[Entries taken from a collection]

####################

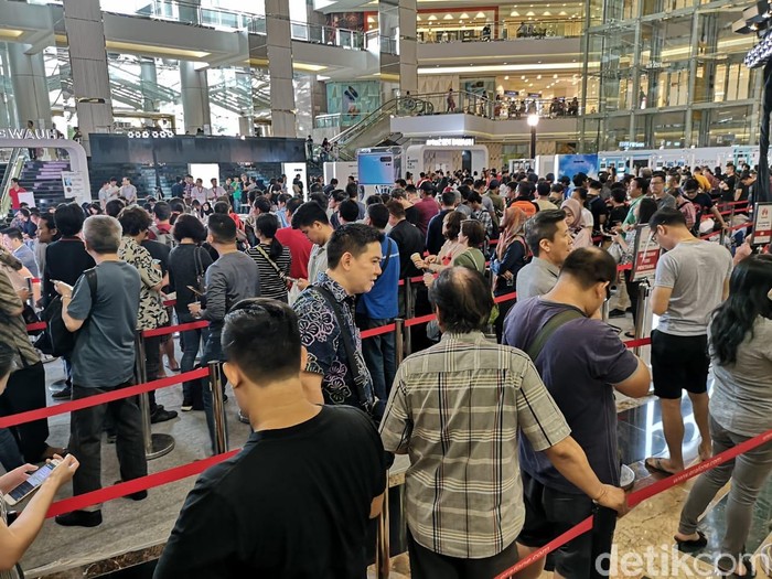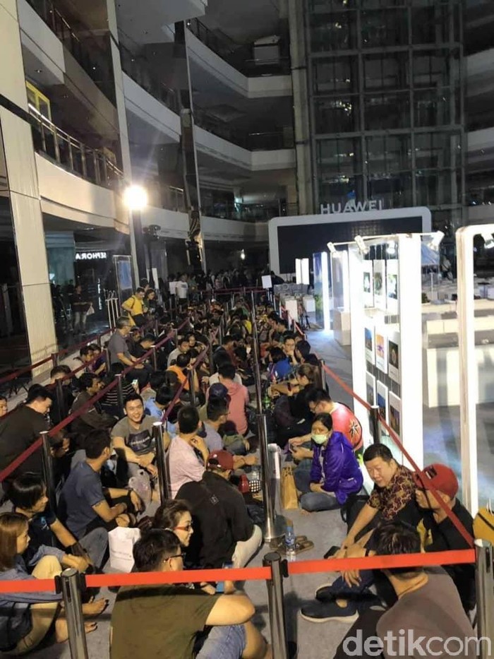 Para konsumen sudah banyak yang mengantre dari pagi hari. Foto: Huawei
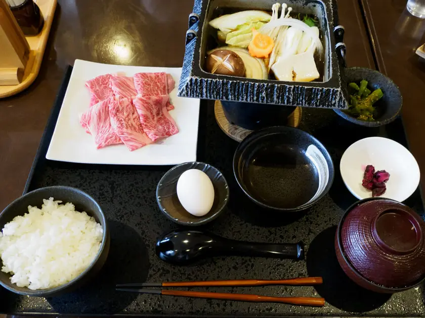 火が付いた状態で、卓上で完成させるスタイルです。お肉を卵につけていただきます。口の中にいれた瞬間お肉がとろけました。最後まで温かい状態で食べられるすき焼きはとても美味しかったです。また食べたいなあ。
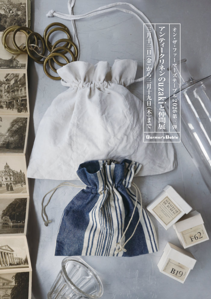 今までの企画展ではウザキヨシエさんの作品と彼女が集めていたアンティークでの展示でしたが、今回は彼女と感性が響きあう素敵な方々とがコラボレーションするオン・ザ・ファーマーズテーブルの空間を見れるのが楽しみです!
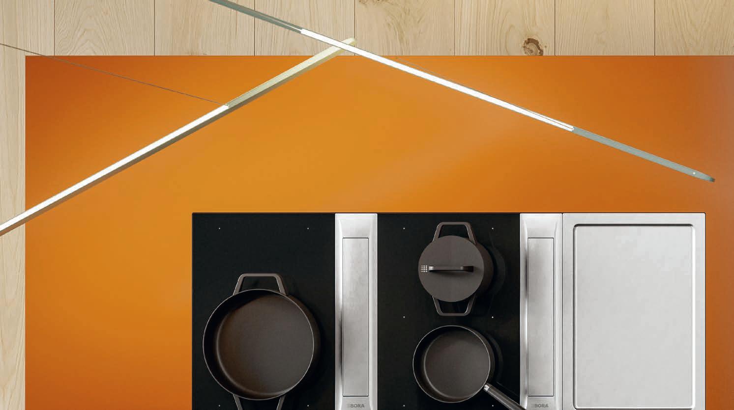 Functional yet emotional. Subtly restrained yet naturally sophisticated. It’s not just the people who use them that give life to kitchens. How can you cook without the right lighting? Can you imagine hosting a dinner in the dark? BORA lighting creates the optimum lighting mood for all situations.
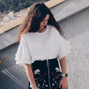 ZARA WOMAN White Round Neck with Flutter Sleeves Blouse
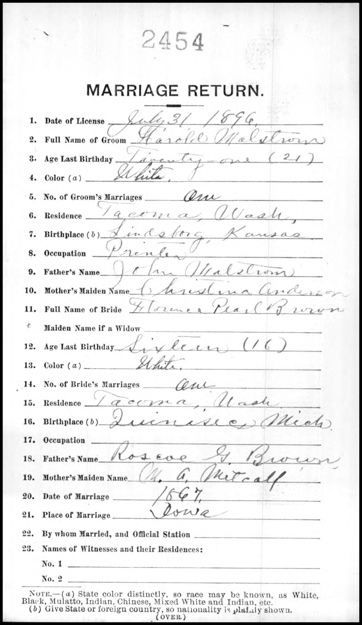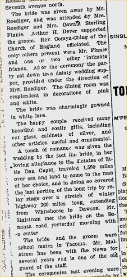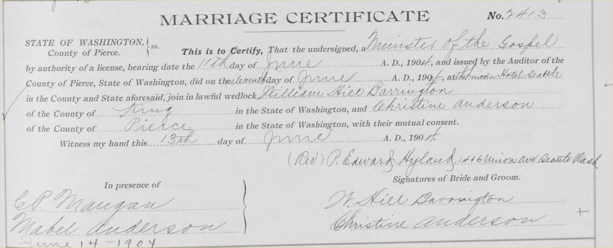 Witnesses were the minister's wife, Mrs. W.E. Pettigrew, and a Mrs. Frank Rowley
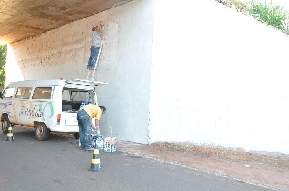 Esta semana os funcionários fizeram a limpeza geral no entorno do trevo, refizeram a sinalização de solo, realizaram a pintura de guias e sarjetas, da imagem da santa e do viaduto.
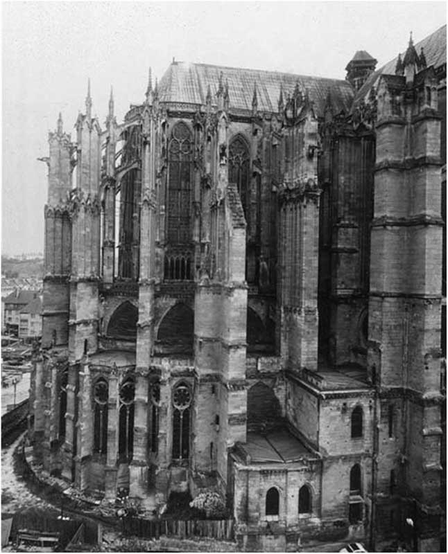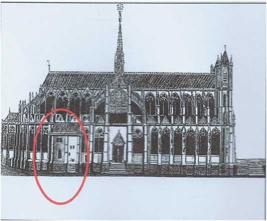 Fig 20 Amiens Cathedral, showing the treasure house originally attached to the north of the choir. Source: Murray Reference Murray1996, pl 78

####################

### Activity
When you copy the data above, reproduce each line exactly and skip every image.

### Solution to the exercise
 Para konsumen sudah banyak yang mengantre dari pagi hari. Foto: Huawei
 火が付いた状態で、卓上で完成させるスタイルです。お肉を卵につけていただきます。口の中にいれた瞬間お肉がとろけました。最後まで温かい状態で食べられるすき焼きはとても美味しかったです。また食べたいなあ。
 今までの企画展ではウザキヨシエさんの作品と彼女が集めていたアンティークでの展示でしたが、今回は彼女と感性が響きあう素敵な方々とがコラボレーションするオン・ザ・ファーマーズテーブルの空間を見れるのが楽しみです!
 Functional yet emotional. Subtly restrained yet naturally sophisticated. It’s not just the people who use them that give life to kitchens. How can you cook without the right lighting? Can you imagine hosting a dinner in the dark? BORA lighting creates the optimum lighting mood for all situations.
 ZARA WOMAN White Round Neck with Flutter Sleeves Blouse
 Witnesses were the minister's wife, Mrs. W.E. Pettigrew, and a Mrs. Frank Rowley
 Esta semana os funcionários fizeram a limpeza geral no entorno do trevo, refizeram a sinalização de solo, realizaram a pintura de guias e sarjetas, da imagem da santa e do viaduto.
 Fig 20 Amiens Cathedral, showing the treasure house originally attached to the north of the choir. Source: Murray Reference Murray1996, pl 78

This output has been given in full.